• [PROBLEM] The reply should match the listing below character for character, except that no image is carried over.

◆ ◆ ◆

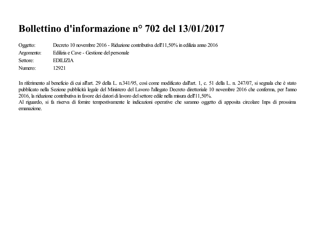 Decreto 10 novembre 2016 - Riduzione contributiva dell'11,50% in edilizia anno 2016
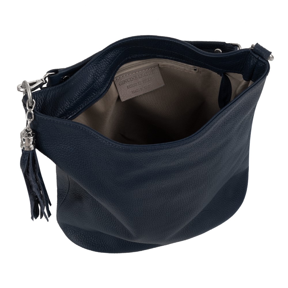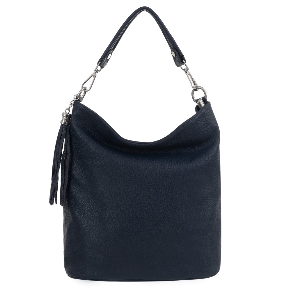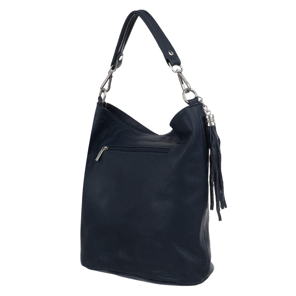 Vera Pelle - Włoska pojemna miękka skórzana torebka worek wykonana z wysokogatunkowej naturalnej skóry licowej. Zamykana od góry na zamek na całej szerokości. Torebka jednokomorowa + wewnątrz dodatkowo jedna kieszonka na zamek, z tyłu pojemna kieszeń na zamek. Wnętrze wykończone trwałą, materiałową podszewką. Miękkie ucho umożliwia wygodne noszenie na ramieniu. W komplecie długi, regulowany pasek . Elementy wykończenia w kolorze srebrnym. Dno lekko usztywnione. Modnym elementem jest pęk frędzli.
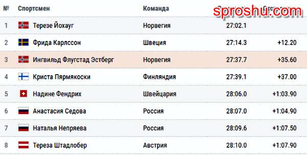 Лыжи ЧМ Зеефельд 26. 02. 19 Женщины 10 км Какие результаты гонки?
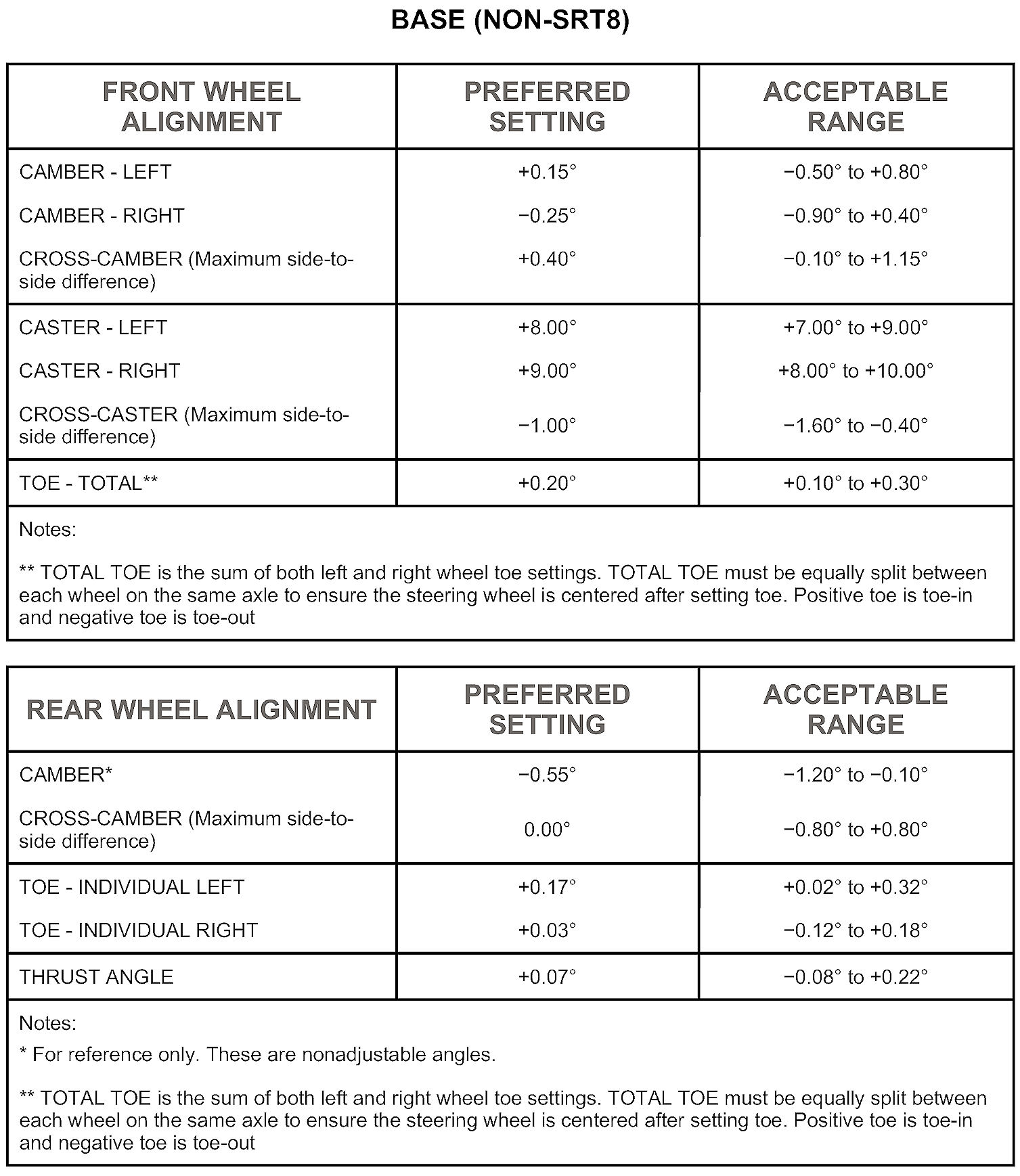 All wheel alignments are to be set at curb height.
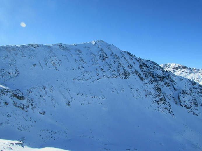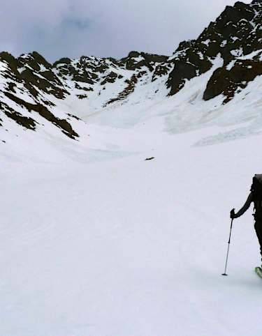 Vom Irecek hat man mehrere Möglichkeiten der Abfahrt: Zum einen über den Grat retour und dann vom flachen Plateau steil in die Senke abfahren, wobei hier schmale Couloirs oft den besten Schnee haben. Oder man sucht sich eine Linie direkt vom Gipfel gegen Norden. Hier müssen die Lawinenverhältnisse passen, da der Hang lang und die Steilheit über 35° beträgt. Die Linien verlaufen zwischen Felsrippen, sind aber gut zu fahren.
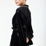 צווארון השמלה מעוטר בפנינים עדינות ושרוך קשירה המאפשר לשלוט על מפתח החזה.
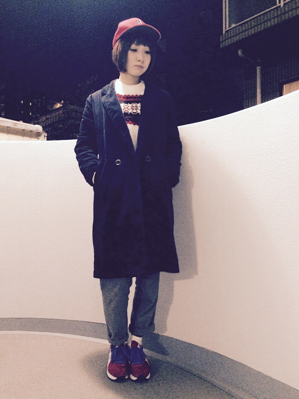 古着のニットにコーデュロイのコート! グレーのパンツですっきりとまとめました。 赤の帽子と靴をアクセントに。
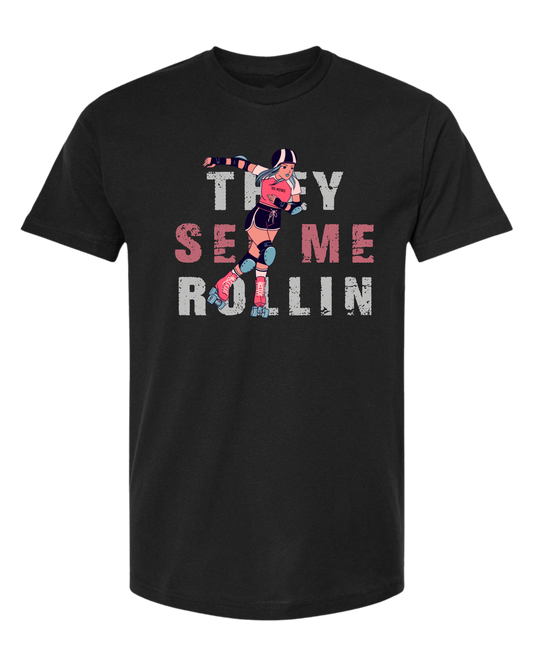 Unisex crew-neck short sleeve "They see me rollin" skater girl tee
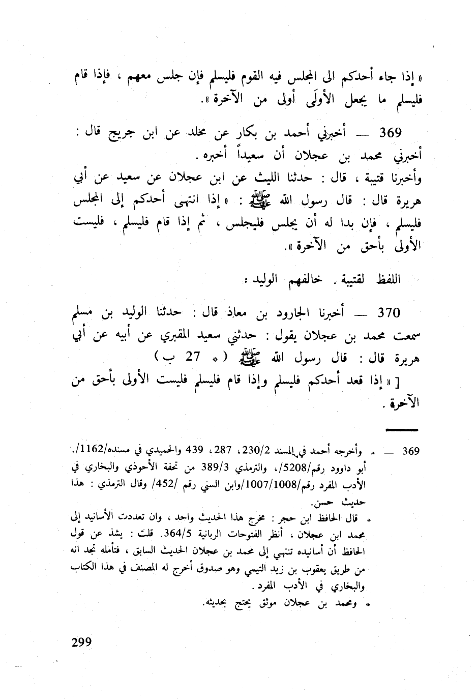 370 - أخبرنَا الْجَارُود بن معَاذ قَالَ حَدثنَا الْوَلِيد بن مُسلم سَمِعت مُحَمَّد بن عجلَان يَقُول حَدثنِي سعيد المَقْبُري عَن أَبِيه عَن ابي هُرَيْرَة قَالَ قَالَ رَسُول الله صلى الله عَلَيْهِ وَسلم (27 ب)
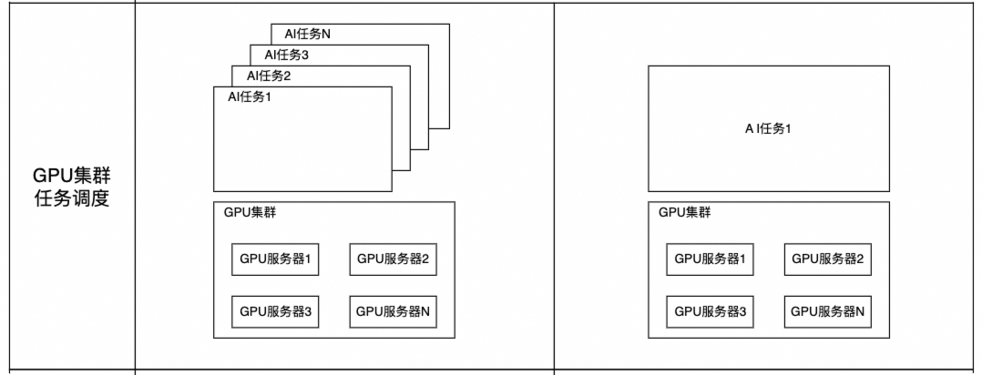 现阶段一方面GPU资源很紧俏,非常难购买,即使购买到,GPU卡之间的拓扑结果、多台机器之间的拓扑结果对任务的训练时间也有很大的影响;另一方面企业的AI任务多种多样,也不可能专门为每一种AI任务单独适配GPU卡分配。所以更多的期望是将有限的GPU资源池化后,由统一的平台实现这些GPU资源面对不同的AI任务,实现不同的资源调度,以便实现GPU资源利用率和AI任务预期结果的双赢的记过。

◆ ◆ ◆

• [WRITTEN REPLY]
 Decreto 10 novembre 2016 - Riduzione contributiva dell'11,50% in edilizia anno 2016
 Vera Pelle - Włoska pojemna miękka skórzana torebka worek wykonana z wysokogatunkowej naturalnej skóry licowej. Zamykana od góry na zamek na całej szerokości. Torebka jednokomorowa + wewnątrz dodatkowo jedna kieszonka na zamek, z tyłu pojemna kieszeń na zamek. Wnętrze wykończone trwałą, materiałową podszewką. Miękkie ucho umożliwia wygodne noszenie na ramieniu. W komplecie długi, regulowany pasek . Elementy wykończenia w kolorze srebrnym. Dno lekko usztywnione. Modnym elementem jest pęk frędzli.
 Лыжи ЧМ Зеефельд 26. 02. 19 Женщины 10 км Какие результаты гонки?
 All wheel alignments are to be set at curb height.
 Vom Irecek hat man mehrere Möglichkeiten der Abfahrt: Zum einen über den Grat retour und dann vom flachen Plateau steil in die Senke abfahren, wobei hier schmale Couloirs oft den besten Schnee haben. Oder man sucht sich eine Linie direkt vom Gipfel gegen Norden. Hier müssen die Lawinenverhältnisse passen, da der Hang lang und die Steilheit über 35° beträgt. Die Linien verlaufen zwischen Felsrippen, sind aber gut zu fahren.
 צווארון השמלה מעוטר בפנינים עדינות ושרוך קשירה המאפשר לשלוט על מפתח החזה.
 古着のニットにコーデュロイのコート! グレーのパンツですっきりとまとめました。 赤の帽子と靴をアクセントに。
 Unisex crew-neck short sleeve "They see me rollin" skater girl tee
 370 - أخبرنَا الْجَارُود بن معَاذ قَالَ حَدثنَا الْوَلِيد بن مُسلم سَمِعت مُحَمَّد بن عجلَان يَقُول حَدثنِي سعيد المَقْبُري عَن أَبِيه عَن ابي هُرَيْرَة قَالَ قَالَ رَسُول الله صلى الله عَلَيْهِ وَسلم (27 ب)
 现阶段一方面GPU资源很紧俏,非常难购买,即使购买到,GPU卡之间的拓扑结果、多台机器之间的拓扑结果对任务的训练时间也有很大的影响;另一方面企业的AI任务多种多样,也不可能专门为每一种AI任务单独适配GPU卡分配。所以更多的期望是将有限的GPU资源池化后,由统一的平台实现这些GPU资源面对不同的AI任务,实现不同的资源调度,以便实现GPU资源利用率和AI任务预期结果的双赢的记过。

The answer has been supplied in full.